Hepatic cytochrome P450 isoenzymes (CYP450) are minimally involved in rivastigmine metabolism. Rivastigmine is rapidly and extensively metabolized primarily at CNS receptor sites via cholinesterase, which mediates hydrolysis to the decarbamylated phenolic metabolite (i.e., ZNS 114—666). This metabolite is detected within 2 hours of rivastigmine administration. In vitro, the decarbamylated metabolite shows minimal inhibition of acetylcholinesterase (< 10%). The ZNN—666 metabolite is N-demethylated or sulfated in the liver, but is of no therapeutic consequence. Consistent with these observations is the finding that no drug interactions relating to CYP450 have been observed in humans. The plasma half-lives of rivastigmine and the ZNN—666 metabolite are roughly 1 hour and 2 hours, respectively; however, the cholinesterase inhibition in the CNS lasts much longer (average 10 hours) than the short plasma half-life would predict. This is due to the fact that when rivastigmine's phenolic ZNN—666 metabolite is formed, it leaves behind a carbamate moiety that stays attached to the AChE receptor for up to 10 hours, which prevents the hydrolysis of ACh. Renal excretion of the ZNN—666 metabolite is the major route of elimination; unchanged rivastigmine is not found in the urine. Renal elimination is essentially complete (> 90%) within 24 hours. Less than 1% of the administered dose is excreted in the feces. Although patients with Alzheimer's disease demonstrate 30—50% higher plasma concentrations of rivastigmine and its decarbamylated metabolite than do healthy elderly patients, there is no evidence of drug accumulation, which is consistent with the short plasma half-life.

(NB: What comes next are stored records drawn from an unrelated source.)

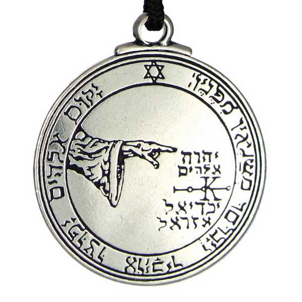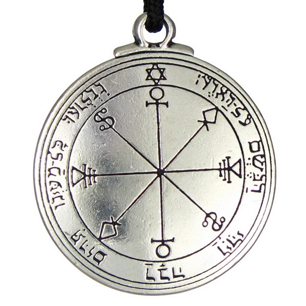This is a pewter, 1 1/2" diameter, Talisman of the Moon, 5th Pentacle of the Moon Pendant. Comes on black cord. Enjoy the power and sigils of the moon and its dynamic enlightment. Aides in protection of phantoms of the night and nocturnal evil. Also aides in finding answers through dreams.
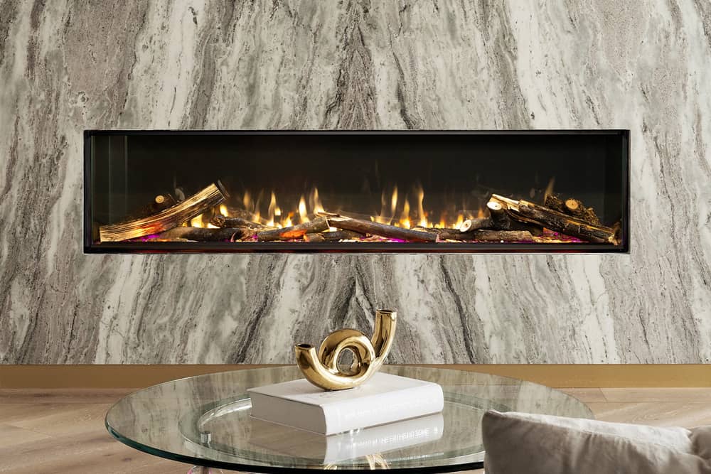 Les foyers électriques LEX-S offrent une visualisation réaliste ininterrompue de bûches et de feu.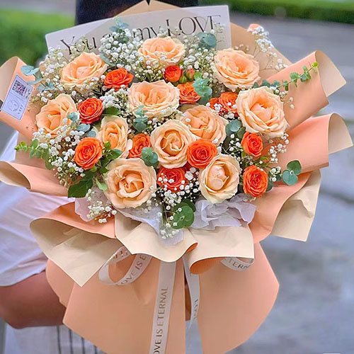 【一路有你】11支精品香槟玫瑰,搭配6支橙色多头小玫瑰,满天星,尤加利叶装饰。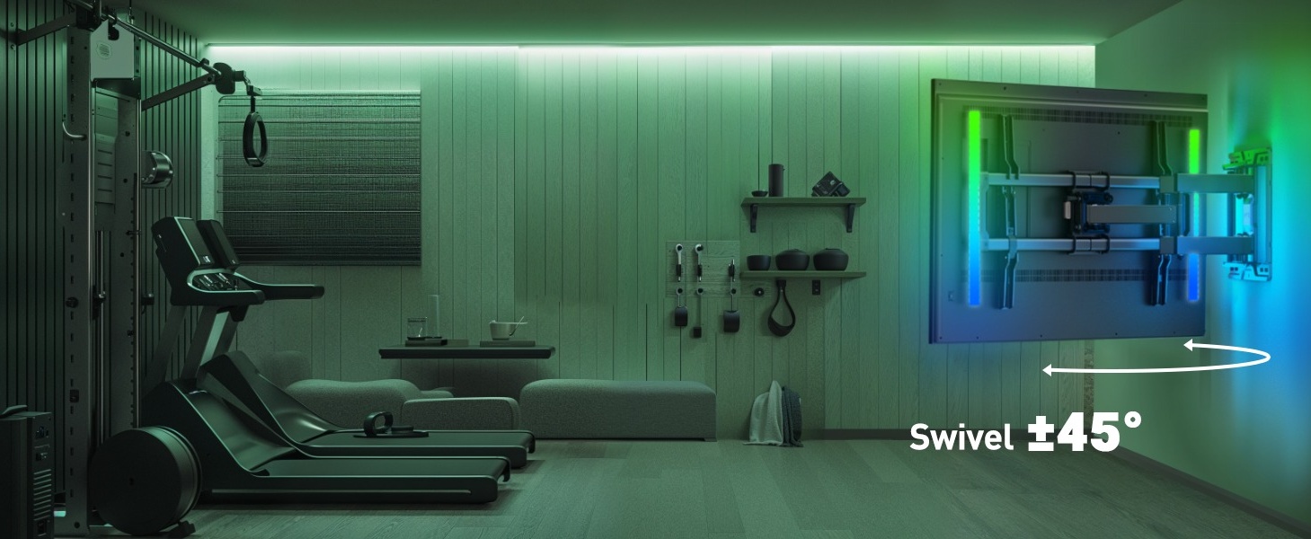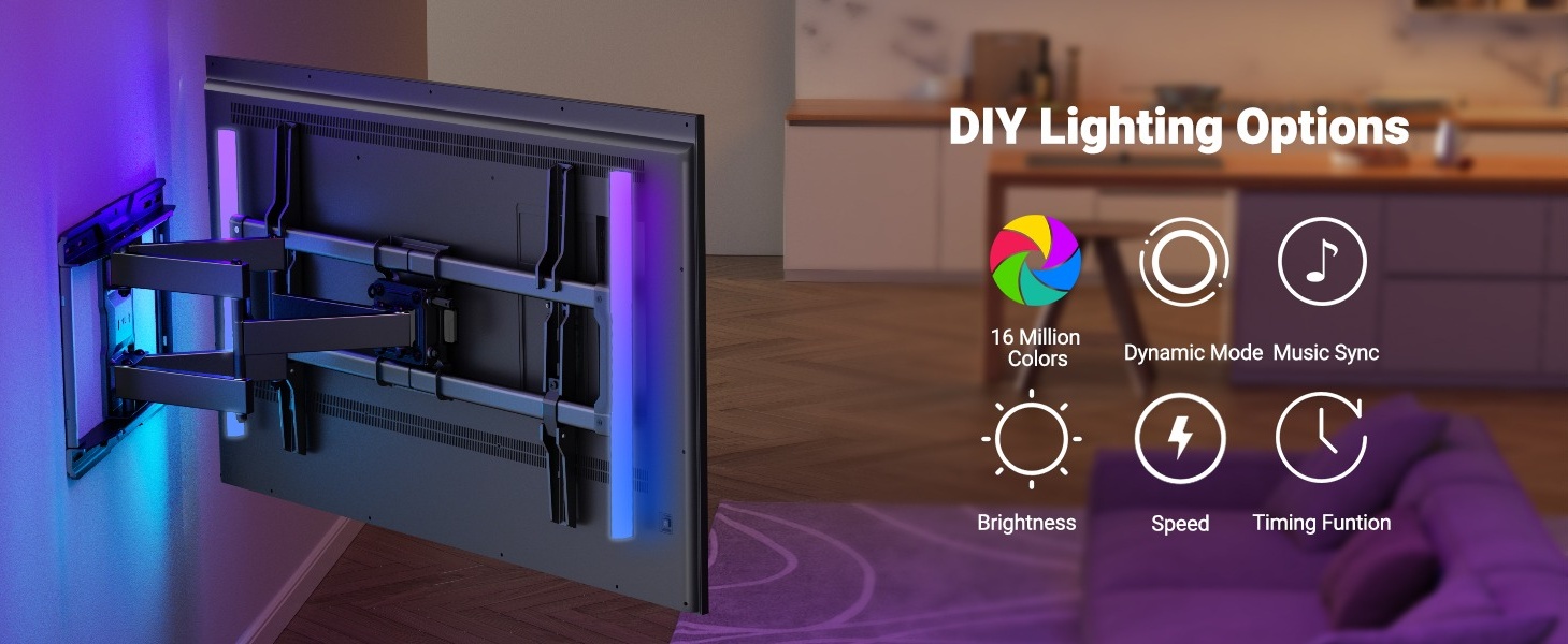 Integrated RGB/Rhythm Light: This Wall Mount TV Bracket features DIY music rhythm light with three ways to operate including a mobile app, remote control, and in-line switch. Customize using 16 million colors, brightness, speed, modes, and a timer function. Music sync changes LED light color to match the rhythm of your music.

Following oral administration, it is rapidly and completely absorbed and peak plasma concentrations are reached in approximately 1 hour. Absolute bioavailability after a 3-mg oral dose is 36%, indicating a significant first-pass effect. Oral administration with food delays absorption and lowers Cmax by roughly 30%, but increases the AUC by approximately 30%. Thus, oral rivastigmine should be taken with food to enhance bioavailability and to increase tolerability of the medication.

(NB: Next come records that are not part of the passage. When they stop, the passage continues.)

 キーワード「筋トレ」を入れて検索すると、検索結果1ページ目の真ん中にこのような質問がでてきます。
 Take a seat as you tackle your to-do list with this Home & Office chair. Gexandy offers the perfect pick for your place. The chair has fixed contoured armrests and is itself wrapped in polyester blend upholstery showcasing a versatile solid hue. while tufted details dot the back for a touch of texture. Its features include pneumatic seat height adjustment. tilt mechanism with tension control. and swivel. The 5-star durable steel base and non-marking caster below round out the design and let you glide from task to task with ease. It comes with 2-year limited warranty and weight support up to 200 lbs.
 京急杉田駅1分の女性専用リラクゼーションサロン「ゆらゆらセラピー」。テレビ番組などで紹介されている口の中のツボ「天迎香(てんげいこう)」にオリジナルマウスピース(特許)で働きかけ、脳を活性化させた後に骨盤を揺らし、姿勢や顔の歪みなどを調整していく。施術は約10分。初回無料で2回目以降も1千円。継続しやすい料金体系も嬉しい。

Topical RouteFollowing transdermal application, absorption begins within 30 minutes to 1 hour and peak plasma concentrations are typically reached in 8 hours (range: 8—16 hours). With transdermal application, trough levels are about 60—80% of peak levels at steady state. Body weight affects rivastigmine exposure; steady state concentrations are approximately doubled in a patient weighing 35 kg compared to 65 kg. Following a transdermal dose of 9.5 mg/24 hours, drug exposure is similar to an oral dose of 6 mg twice daily. Approximately 50% of the drug load is released from the transdermal system over 24 hours.
Pregnancy And Lactation
There are no adequate data on the developmental risks associated with rivastigmine use in human pregnancy. In animals, doses of 2 to 4 times the maximum human recommended dose (MHRD) did not produce evidence of teratogenicity. The effects of rivastigmine in labor and delivery are unknown.
Use rivastigmine during lactation with caution; the developmental and health benefits of breast-feeding should be considered along with the need of the mother for rivastigmine and any potential adverse effects to the breastfed infant or from the underlying maternal condition. There are no data on the presence of rivastigmine in human milk, the effects on the breastfed infant, or the effects of rivastigmine on milk production. Rivastigmine and its metabolites are found in rat milk at approximately 2 times the levels of maternal plasma; however, animal data may not reliably predict drug concentrations in human milk due to species-specific differences in lactation physiology.